2 Introduction to R

These notes introduce core R concepts you’ll use throughout the course.

Each section includes short explanations and runnable code.

Tip: You can run code line-by-line in RStudio with Ctrl+Enter (Windows) / Cmd+Enter (Mac).


2.1 Basic R Operations and Concepts

R works like a powerful calculator and a programming language. You type commands into the Console, and R evaluates them.


2.1.1 The Console and Scripts

  • Console: where commands run immediately.
  • Script (.R) / R Markdown (.Rmd): where you write reproducible work you can save and re-run.

In this course, most notes will be written in R Markdown (.Rmd), which combines text, code, and output in one document.


2.1.2 Comments

Use # to write comments. R ignores them.

# This is a comment
2 + 2
## [1] 4

2.1.3 Printing and Output

Typing an object name prints it. You can also use print().

x <- 10
x
## [1] 10
print(x)
## [1] 10

2.2 Arithmetic

R supports standard arithmetic operators:

  • Addition: +
  • Subtraction: -
  • Multiplication: *
  • Division: /
  • Exponentiation: ^
  • Integer division: %/%
  • Remainder (mod): %%
# Basic arithmetic
5 + 3
## [1] 8
10 - 4
## [1] 6
6 * 7
## [1] 42
20 / 5
## [1] 4
# Powers
2^5
## [1] 32
# Integer division and remainder
17 %/% 3
## [1] 5
17 %% 3
## [1] 2

These commands return numeric output immediately in the console.


2.2.1 Order of Operations

R follows standard order of operations. Use parentheses to be explicit.

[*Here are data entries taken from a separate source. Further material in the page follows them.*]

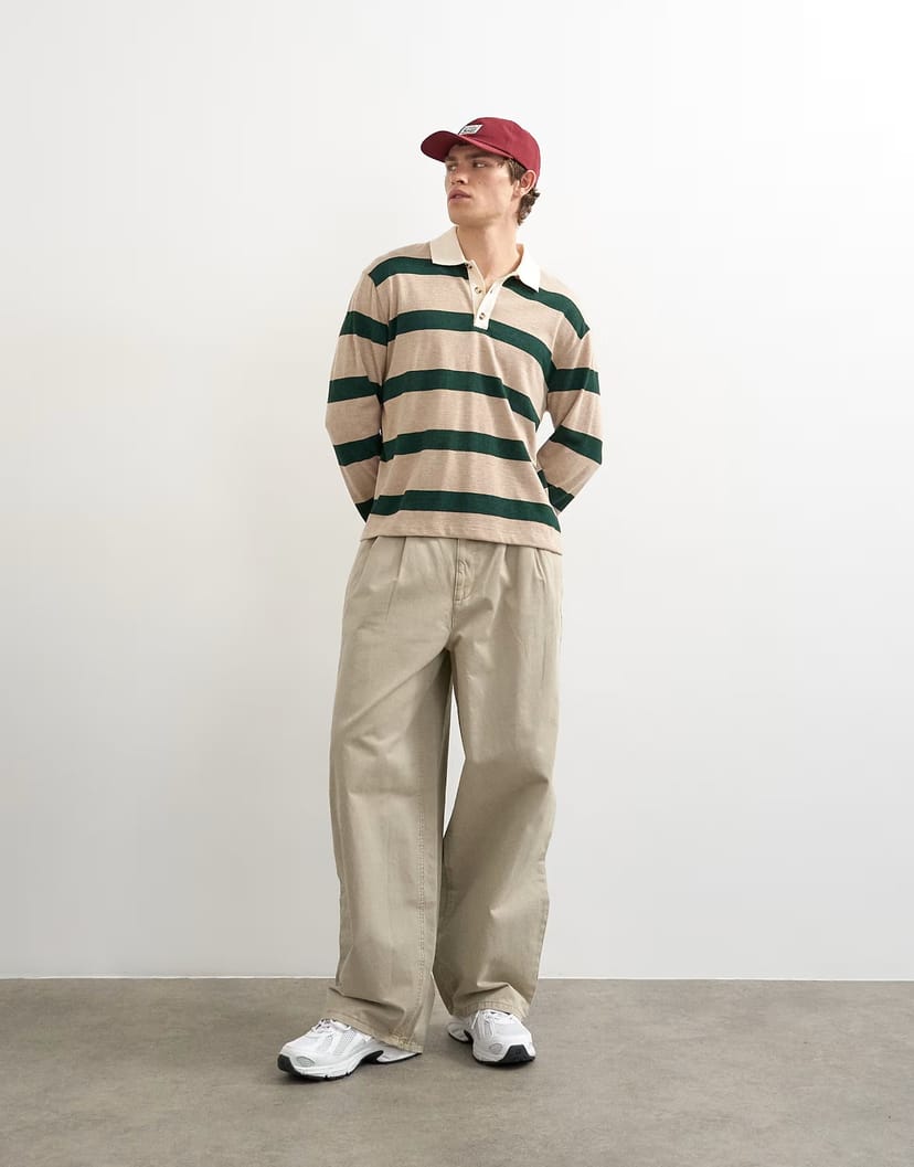 The ASOS Baggy Fit Pleated Trousers in Stone is made from cotton, polyester.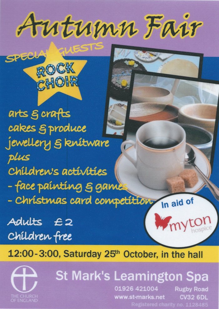 I hope to see you there at the Autumn Fair, 25 October 2014, at St Mark’s Church, Rugby Road, Leamington Spa, CV32 6DL.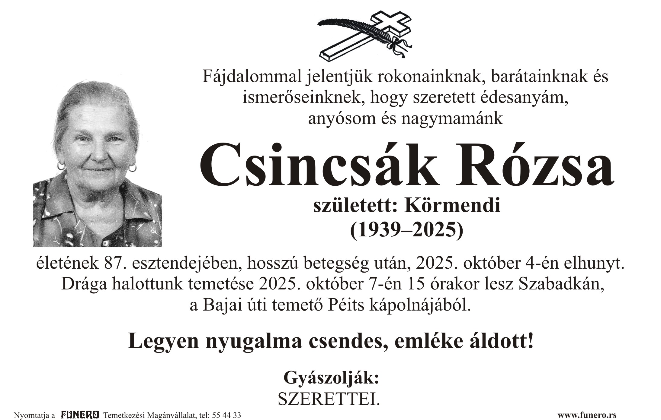 U 86. godini preminula je Roža Činčak iz Kelebije. Sahrana je 7. oktobra u 15 sati na Bajskom groblju iz Peić kapele.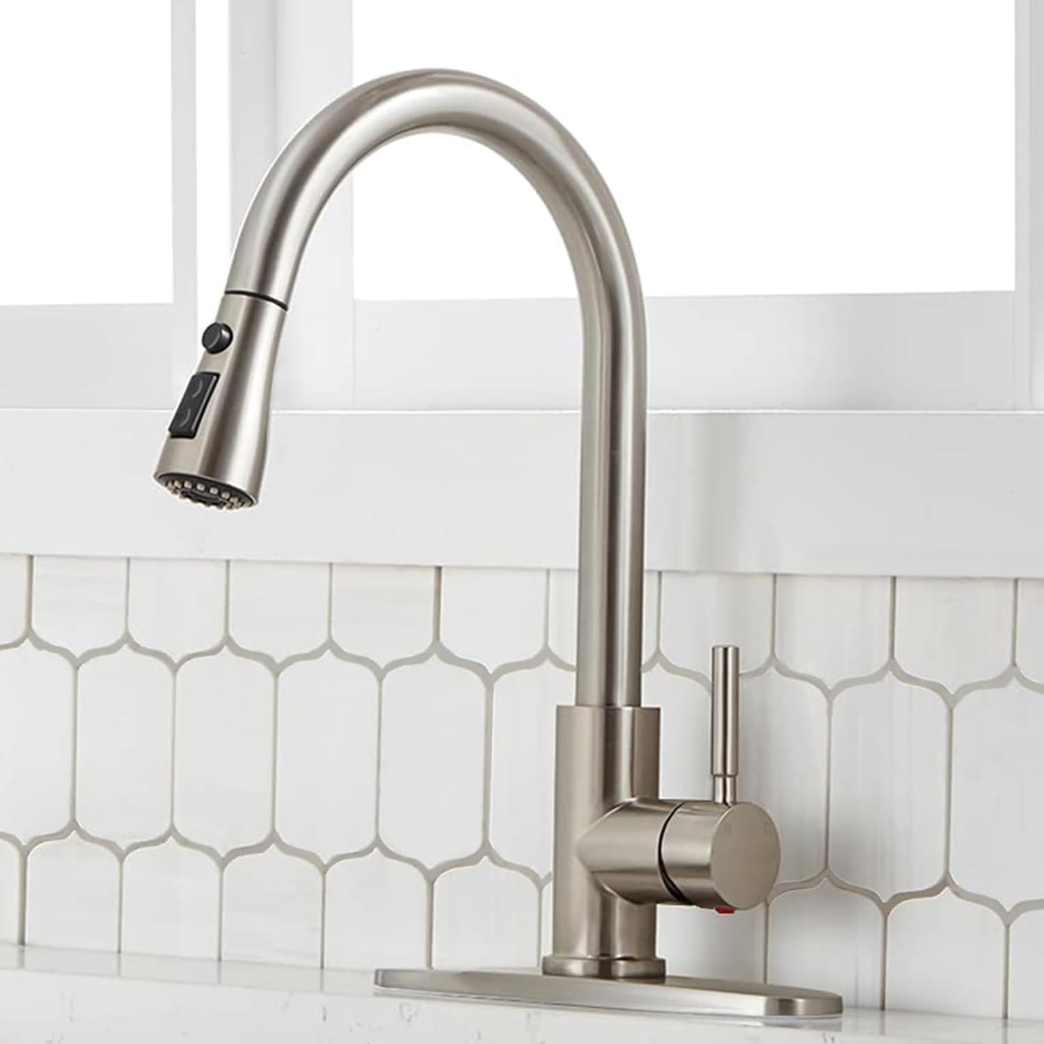 Luxury Brushed Nickel Kitchen Faucet with Pull Down Sprayer 3 Functions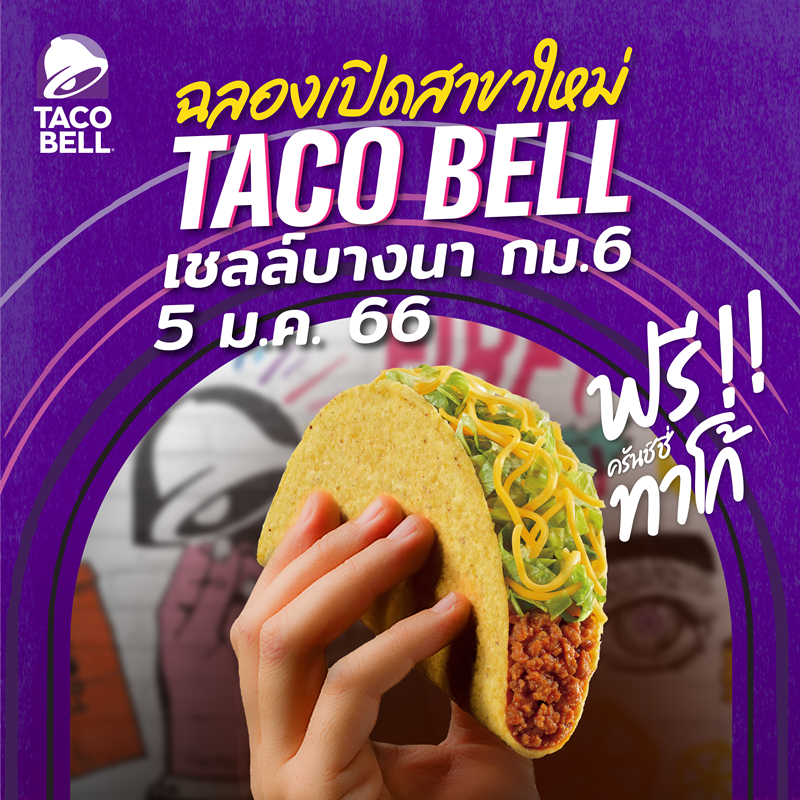 - Free Crunchy Taco at New Branch ! : To celebrate the new branch opening at Shell service station Bangna Km.6, customers who have seen the promotional campaign from the street cut-out or TACO BELL social media and add Line Official Taco Bell TH have a chance to get a 69 Baht Crunchy Taco for FREE at TACO BELL Shell Bangna Km.6 from 5 to 14 January 2023. Only 100 pieces / day available.
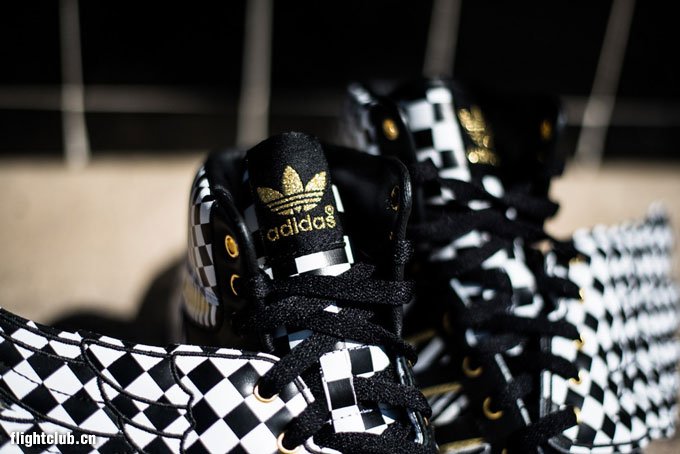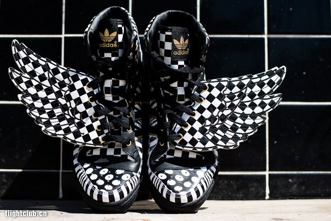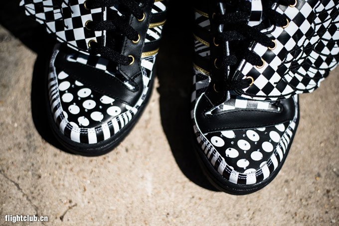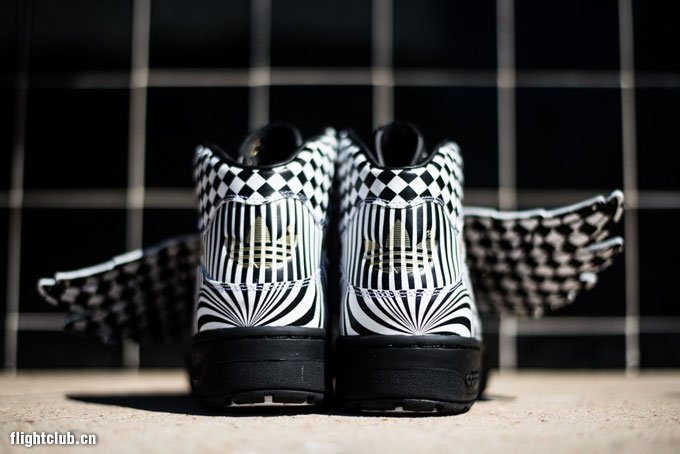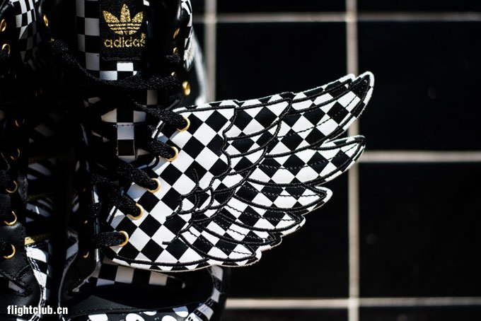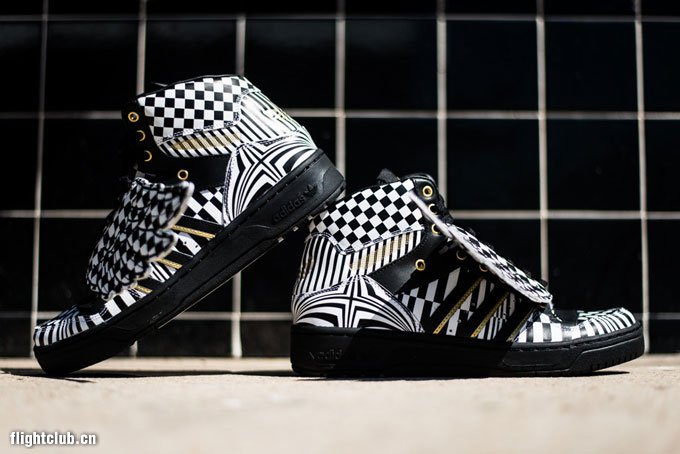 继续为大家带来 Jeremy Scott x adidas Originals 本季新品的消息,此次鬼才设计师 Jeremy Scott 又将自己天马行空的创造力淋漓尽致地体现,这款 Jeremy Scott x adidas Originals JS Wings Op art 采用了视觉艺术为设计灵感,以黑白相间的格纹、波点、竖条纹等多种视觉艺术图案覆盖鞋身,营造出了强烈的视觉冲击力,最后再配以金色的 Logo 点缀,华丽无比。鞋款售价220美金,将于未来上架发售。

3 + 2 * 5      # multiplication first
## [1] 13
(3 + 2) * 5    # parentheses first
## [1] 25

2.2.2 Logical Comparisons

These return TRUE or FALSE.

5 > 3
## [1] TRUE
5 == 3
## [1] FALSE
5 != 3
## [1] TRUE
5 >= 5
## [1] TRUE

2.3 Assignment, Object Names, and Data Types

2.3.1 Assignment

Use <- (common in R code) or =.

a <- 5
b = 12
a + b
## [1] 17

2.3.2 Object Names

Good names are readable and informative.

Valid examples

  • height
  • exam_score
  • x1

Avoid

  • spaces (exam score)
  • starting with numbers (1st)
  • reserved words (if, for, TRUE, FALSE)
exam_score <- 92
final_grade <- "A"

2.3.3 Common Data Types

2.3.3.1 Numeric (double)

x <- 3.14
typeof(x)
## [1] "double"
class(x)
## [1] "numeric"

2.3.3.2 Integer

y <- 7L
typeof(y)
## [1] "integer"
class(y)
## [1] "integer"

2.3.3.3 Character (strings)

name <- "Rene"
typeof(name)
## [1] "character"
class(name)
## [1] "character"

2.3.3.4 Logical

flag <- TRUE
typeof(flag)
## [1] "logical"
class(flag)
## [1] "logical"

2.3.4 Missing Values

R uses NA for missing data.

z <- c(1, NA, 3)
z
## [1]  1 NA  3
is.na(z)
## [1] FALSE  TRUE FALSE

NA affects calculations unless you remove missing values.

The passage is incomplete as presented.